• _About this exercise_
Quote the data below in full, minus the images.

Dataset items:
------------------------

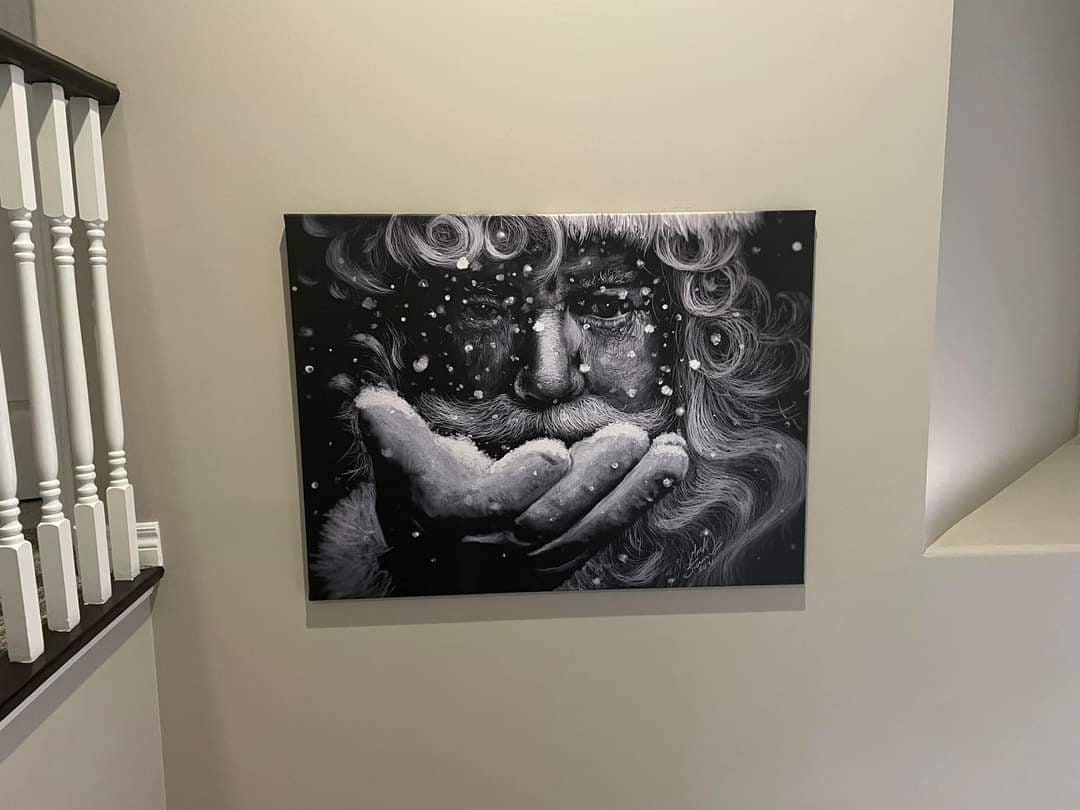 This piece looks amazing and is custom made to order with hand stretched canvas on a wooden frame and ready to hang upon delivery.
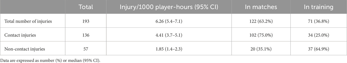 In this study, we investigated the association between “contact load” calculated using contact intensity and volume, and the occurrence of injuries in elite rugby union players. A total of 136 contact injuries and 57 non-contact injuries occurred during the study, both of which were significantly associated with “contact load,” regardless of injury type. In recent years, World Rugby has emphasized managing training load as a key strategy for player welfare and injury prevention. Specifically, they have developed and recommended the use of guidelines for monitoring and managing the “contact load” (Starling et al., 2023). Our previous study demonstrated that an increased acute:chronic workload ratio (ACWR) of “contact load” is associated with injury risk (Iwasaki et al., 2024). In this study, we also showed that “contact load” was associated with the occurrence of both contact and non-contact injuries in elite rugby union players. Our findings provide additional evidence supporting the importance of monitoring “contact load” for predicting and preventing all rugby union injuries.
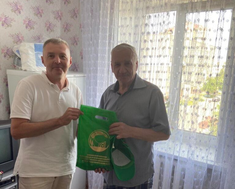 23 июня председатель Слонимского районного объединения профсоюзов Ольга Радевич и председатель Слонимского районного комитета профсоюза работников агропромышленного комплекса Александр Зинченко чествовали заслуженного рационализатора Республики Беларусь Вячеслава Голубовского.
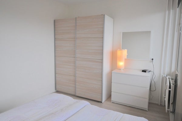 Einteilung; Erdgeschoss; doppelte gemeinsame abgeschlossene Eingang, beide mit Treppenhaus und Aufzug. Die Wohnung befindet sich im 5. Stock; Flur grenzt an die Küche, 2 Schlafzimmer (3,40x3,80 und 3,00x3,80), modernes separates WC und Wohnzimmer (3,80x5,60). Es ist mit einem Laminatboden und Kunststoffrahmen mit Doppelverglasung ausgestattet. Vom Wohnzimmer aus gelangen Sie auf den Balkon, auf dem Sie den ganzen Tag die Sonne genießen können. Großes Schlafzimmer an der Vorderseite der Wohnung mit ausreichendem Platz für einen Kleiderschrank. Moderne weiße Eckküche, die mit einem eingebauten Kombimikrowellenofen, Kochfeld, Dunstabzugshaube, Kühlschrank/Gefrierschrank und Geschirrspüler ausgestattet ist. Modernes Badezimmer mit Dusche mit Thermostat, Waschbecken und Waschmaschine/Trockner. Das zweite Schlafzimmer befindet sich auf der Rückseite der Wohnung und bietet ebenfalls Zugang zum sonnigen Balkon.
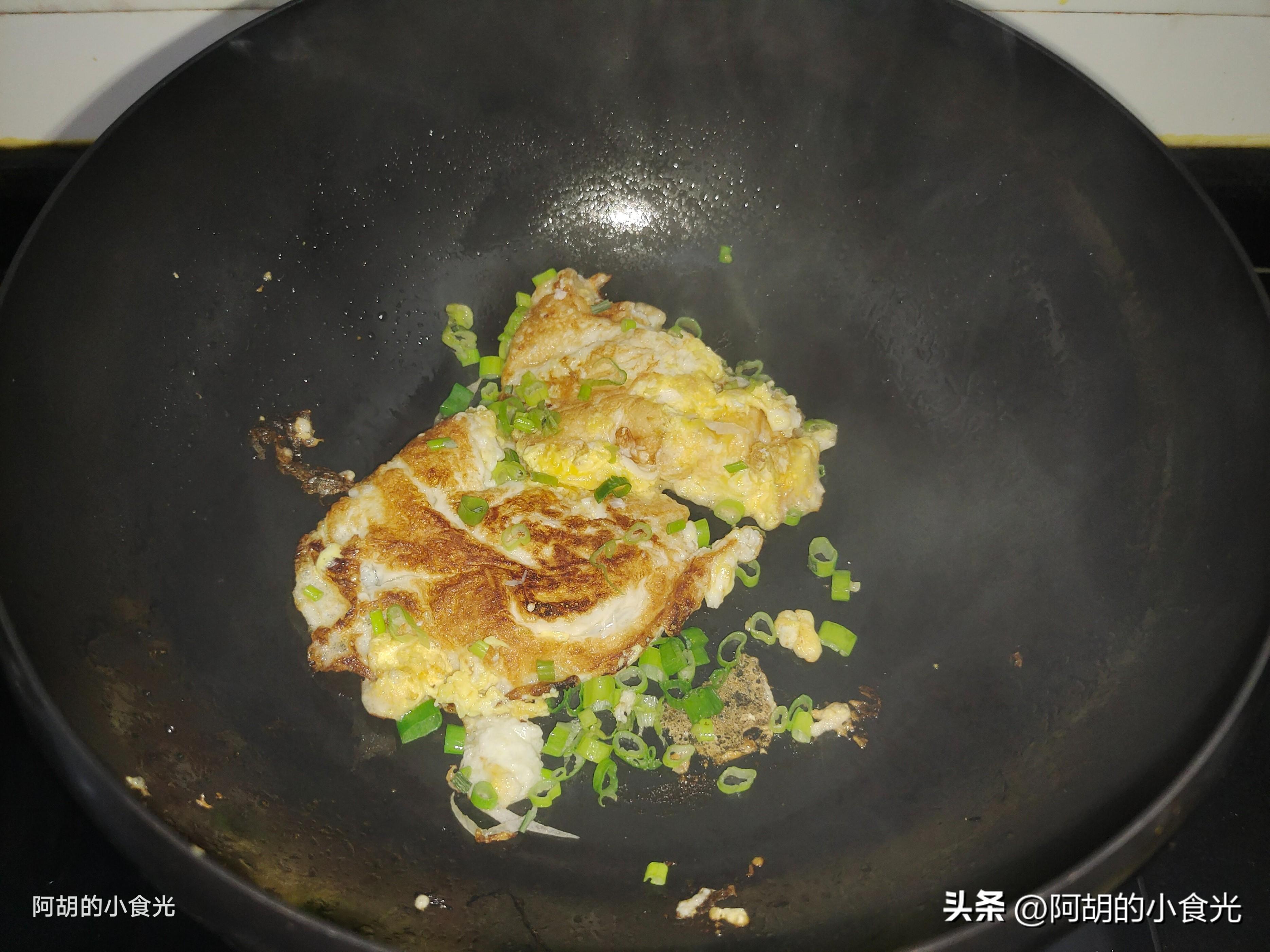 第三步:所有食材都已備好,下面就來開火燒湯。先用小火把鍋烘乾,淋入一些花生油燒熱,而後直接將兩個雞蛋打入鍋中煎一煎,煎成荷包蛋後就撒入一些蔥花炒出香味。
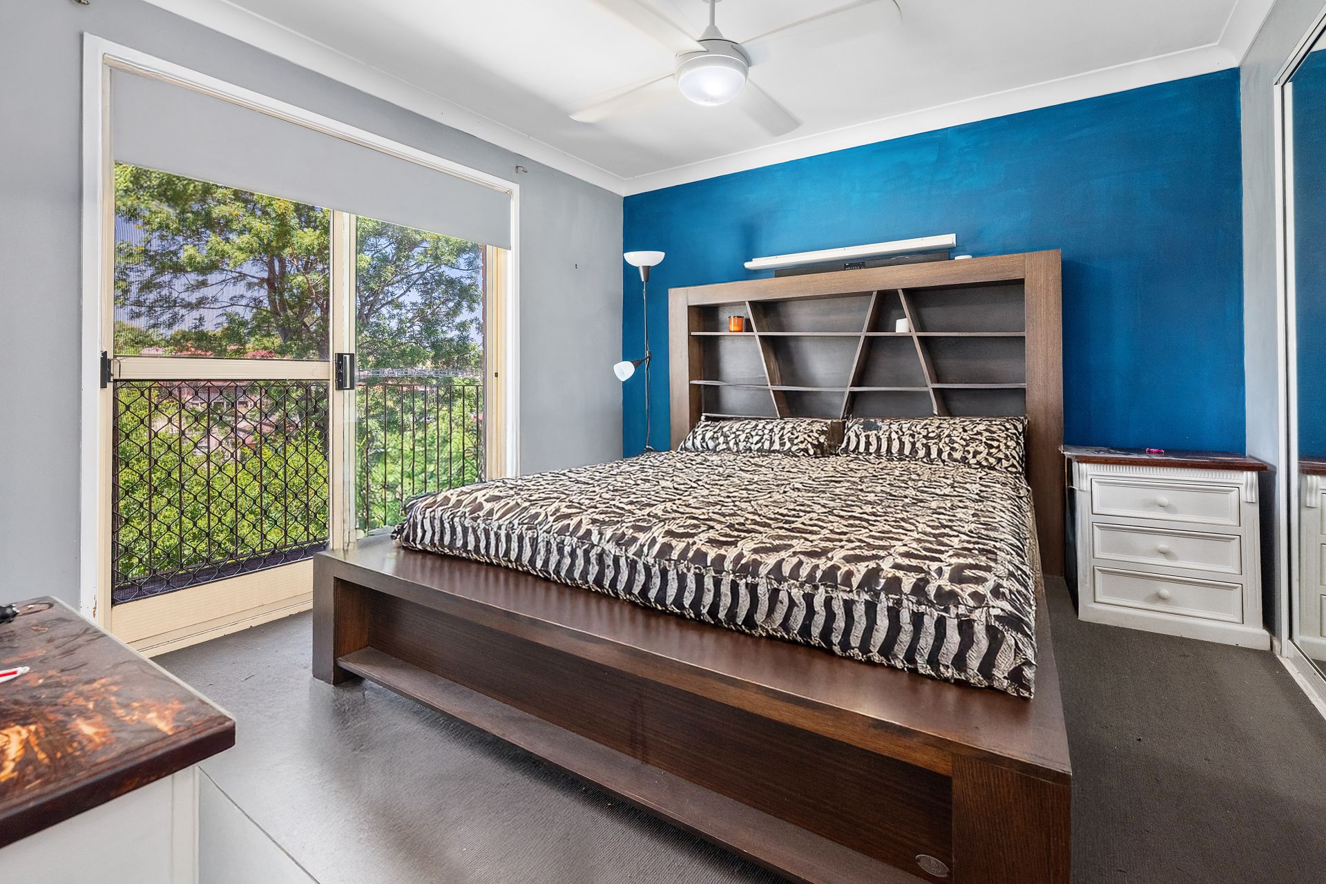 - Master bedroom with ceiling fan, private balcony, and ensuite

------------------------

• _Task output_
 This piece looks amazing and is custom made to order with hand stretched canvas on a wooden frame and ready to hang upon delivery.
 In this study, we investigated the association between “contact load” calculated using contact intensity and volume, and the occurrence of injuries in elite rugby union players. A total of 136 contact injuries and 57 non-contact injuries occurred during the study, both of which were significantly associated with “contact load,” regardless of injury type. In recent years, World Rugby has emphasized managing training load as a key strategy for player welfare and injury prevention. Specifically, they have developed and recommended the use of guidelines for monitoring and managing the “contact load” (Starling et al., 2023). Our previous study demonstrated that an increased acute:chronic workload ratio (ACWR) of “contact load” is associated with injury risk (Iwasaki et al., 2024). In this study, we also showed that “contact load” was associated with the occurrence of both contact and non-contact injuries in elite rugby union players. Our findings provide additional evidence supporting the importance of monitoring “contact load” for predicting and preventing all rugby union injuries.
 23 июня председатель Слонимского районного объединения профсоюзов Ольга Радевич и председатель Слонимского районного комитета профсоюза работников агропромышленного комплекса Александр Зинченко чествовали заслуженного рационализатора Республики Беларусь Вячеслава Голубовского.
 Einteilung; Erdgeschoss; doppelte gemeinsame abgeschlossene Eingang, beide mit Treppenhaus und Aufzug. Die Wohnung befindet sich im 5. Stock; Flur grenzt an die Küche, 2 Schlafzimmer (3,40x3,80 und 3,00x3,80), modernes separates WC und Wohnzimmer (3,80x5,60). Es ist mit einem Laminatboden und Kunststoffrahmen mit Doppelverglasung ausgestattet. Vom Wohnzimmer aus gelangen Sie auf den Balkon, auf dem Sie den ganzen Tag die Sonne genießen können. Großes Schlafzimmer an der Vorderseite der Wohnung mit ausreichendem Platz für einen Kleiderschrank. Moderne weiße Eckküche, die mit einem eingebauten Kombimikrowellenofen, Kochfeld, Dunstabzugshaube, Kühlschrank/Gefrierschrank und Geschirrspüler ausgestattet ist. Modernes Badezimmer mit Dusche mit Thermostat, Waschbecken und Waschmaschine/Trockner. Das zweite Schlafzimmer befindet sich auf der Rückseite der Wohnung und bietet ebenfalls Zugang zum sonnigen Balkon.
 第三步:所有食材都已備好,下面就來開火燒湯。先用小火把鍋烘乾,淋入一些花生油燒熱,而後直接將兩個雞蛋打入鍋中煎一煎,煎成荷包蛋後就撒入一些蔥花炒出香味。
 - Master bedroom with ceiling fan, private balcony, and ensuite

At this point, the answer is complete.